Start of SOURCE RECORDS

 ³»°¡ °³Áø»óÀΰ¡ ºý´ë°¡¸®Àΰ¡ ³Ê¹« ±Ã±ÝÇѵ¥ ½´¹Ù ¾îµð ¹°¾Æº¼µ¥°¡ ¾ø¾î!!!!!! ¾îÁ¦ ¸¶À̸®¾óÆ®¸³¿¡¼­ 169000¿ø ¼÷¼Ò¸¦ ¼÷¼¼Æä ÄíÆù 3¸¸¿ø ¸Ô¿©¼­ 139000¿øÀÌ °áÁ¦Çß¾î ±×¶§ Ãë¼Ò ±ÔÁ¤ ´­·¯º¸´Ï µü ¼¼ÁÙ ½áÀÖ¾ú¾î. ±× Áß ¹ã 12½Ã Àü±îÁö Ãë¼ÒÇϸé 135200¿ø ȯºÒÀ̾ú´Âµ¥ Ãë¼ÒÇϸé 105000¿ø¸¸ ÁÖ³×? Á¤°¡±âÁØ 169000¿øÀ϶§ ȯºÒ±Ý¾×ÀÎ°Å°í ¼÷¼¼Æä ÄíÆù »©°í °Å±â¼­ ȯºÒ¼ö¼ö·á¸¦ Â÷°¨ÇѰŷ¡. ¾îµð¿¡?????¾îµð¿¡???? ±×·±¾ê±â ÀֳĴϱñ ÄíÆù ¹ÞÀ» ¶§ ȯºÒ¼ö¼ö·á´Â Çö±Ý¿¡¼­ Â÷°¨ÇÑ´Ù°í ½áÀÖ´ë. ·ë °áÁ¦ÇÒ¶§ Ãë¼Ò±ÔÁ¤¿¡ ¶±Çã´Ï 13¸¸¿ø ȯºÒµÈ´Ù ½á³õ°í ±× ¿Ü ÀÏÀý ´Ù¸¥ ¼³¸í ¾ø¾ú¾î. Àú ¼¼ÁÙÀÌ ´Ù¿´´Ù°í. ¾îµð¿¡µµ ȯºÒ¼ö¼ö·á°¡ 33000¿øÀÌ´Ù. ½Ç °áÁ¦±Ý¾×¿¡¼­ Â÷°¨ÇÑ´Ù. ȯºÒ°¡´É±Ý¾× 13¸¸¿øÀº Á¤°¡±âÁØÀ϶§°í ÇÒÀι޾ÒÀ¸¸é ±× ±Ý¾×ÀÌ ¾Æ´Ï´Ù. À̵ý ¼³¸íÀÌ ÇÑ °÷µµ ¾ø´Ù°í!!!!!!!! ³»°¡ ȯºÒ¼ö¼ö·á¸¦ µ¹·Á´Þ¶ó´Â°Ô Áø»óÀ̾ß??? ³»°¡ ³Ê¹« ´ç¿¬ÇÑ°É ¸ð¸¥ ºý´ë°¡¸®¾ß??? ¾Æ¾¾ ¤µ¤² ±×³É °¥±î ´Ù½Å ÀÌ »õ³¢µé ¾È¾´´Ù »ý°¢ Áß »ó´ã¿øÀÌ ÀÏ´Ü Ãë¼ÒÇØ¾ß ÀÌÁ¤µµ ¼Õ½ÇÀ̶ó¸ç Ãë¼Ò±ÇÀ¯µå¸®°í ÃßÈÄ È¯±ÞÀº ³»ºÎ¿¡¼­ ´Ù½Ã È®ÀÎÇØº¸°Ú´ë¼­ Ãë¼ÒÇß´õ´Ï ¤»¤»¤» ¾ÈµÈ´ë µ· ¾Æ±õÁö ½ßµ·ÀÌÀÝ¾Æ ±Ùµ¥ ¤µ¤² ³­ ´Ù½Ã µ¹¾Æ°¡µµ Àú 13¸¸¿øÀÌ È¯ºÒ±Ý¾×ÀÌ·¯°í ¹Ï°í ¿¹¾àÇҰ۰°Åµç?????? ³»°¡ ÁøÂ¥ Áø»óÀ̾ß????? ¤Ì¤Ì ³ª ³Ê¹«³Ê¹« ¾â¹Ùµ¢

End of SOURCE RECORDS
Start of SOURCE RECORDS

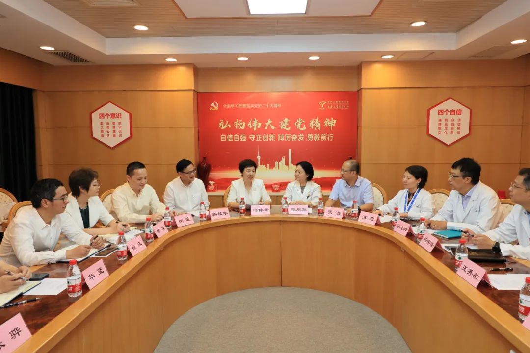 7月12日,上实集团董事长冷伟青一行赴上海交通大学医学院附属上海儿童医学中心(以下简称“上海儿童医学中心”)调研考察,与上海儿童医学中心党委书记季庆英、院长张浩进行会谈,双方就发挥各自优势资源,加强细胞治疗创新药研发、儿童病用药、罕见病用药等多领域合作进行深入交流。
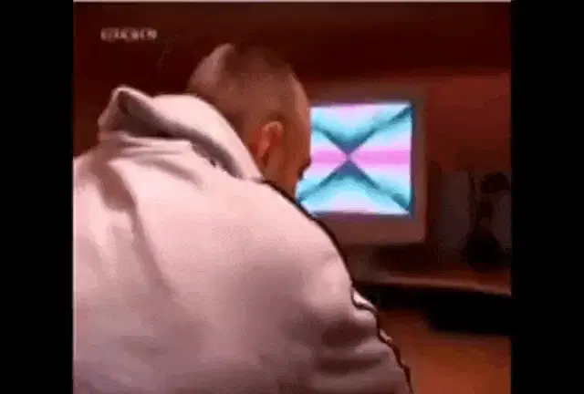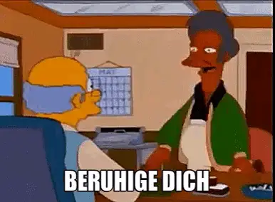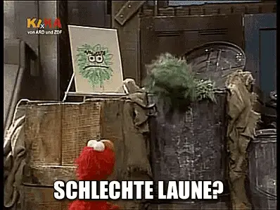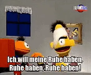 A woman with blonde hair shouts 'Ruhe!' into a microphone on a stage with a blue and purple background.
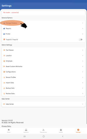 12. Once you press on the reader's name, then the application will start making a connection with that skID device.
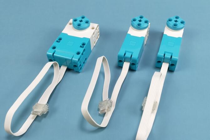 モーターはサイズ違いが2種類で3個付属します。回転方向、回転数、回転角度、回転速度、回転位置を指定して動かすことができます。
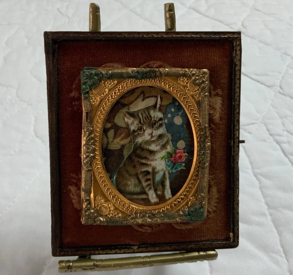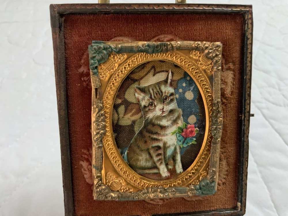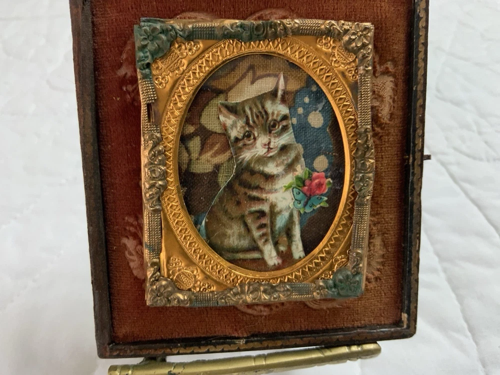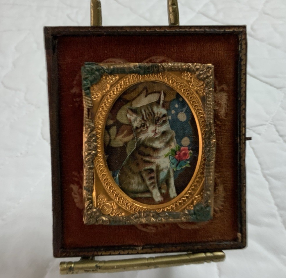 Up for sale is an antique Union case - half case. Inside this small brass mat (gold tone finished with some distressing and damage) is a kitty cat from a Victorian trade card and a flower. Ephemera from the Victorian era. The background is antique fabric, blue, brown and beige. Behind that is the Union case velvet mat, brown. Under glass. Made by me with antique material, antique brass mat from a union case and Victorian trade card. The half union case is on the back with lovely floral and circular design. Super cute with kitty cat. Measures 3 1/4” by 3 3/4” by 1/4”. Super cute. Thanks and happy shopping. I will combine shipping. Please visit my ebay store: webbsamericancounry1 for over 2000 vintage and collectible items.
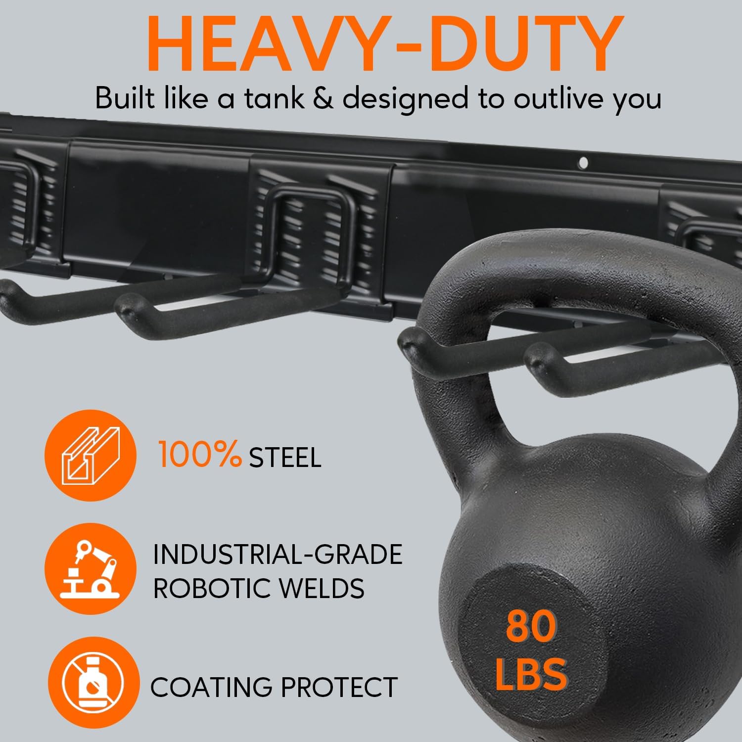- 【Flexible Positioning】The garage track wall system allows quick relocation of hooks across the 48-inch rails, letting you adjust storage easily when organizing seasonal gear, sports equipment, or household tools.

End of SOURCE RECORDS

The expected output is the lines above from the one containing "モーターはサイズ違いが2種類" to the one containing "Up for sale", both ends included, reproduced exactly with every picture left out.

- [RESPONSE TO THIS EXERCISE]
 モーターはサイズ違いが2種類で3個付属します。回転方向、回転数、回転角度、回転速度、回転位置を指定して動かすことができます。
 Up for sale is an antique Union case - half case. Inside this small brass mat (gold tone finished with some distressing and damage) is a kitty cat from a Victorian trade card and a flower. Ephemera from the Victorian era. The background is antique fabric, blue, brown and beige. Behind that is the Union case velvet mat, brown. Under glass. Made by me with antique material, antique brass mat from a union case and Victorian trade card. The half union case is on the back with lovely floral and circular design. Super cute with kitty cat. Measures 3 1/4” by 3 3/4” by 1/4”. Super cute. Thanks and happy shopping. I will combine shipping. Please visit my ebay store: webbsamericancounry1 for over 2000 vintage and collectible items.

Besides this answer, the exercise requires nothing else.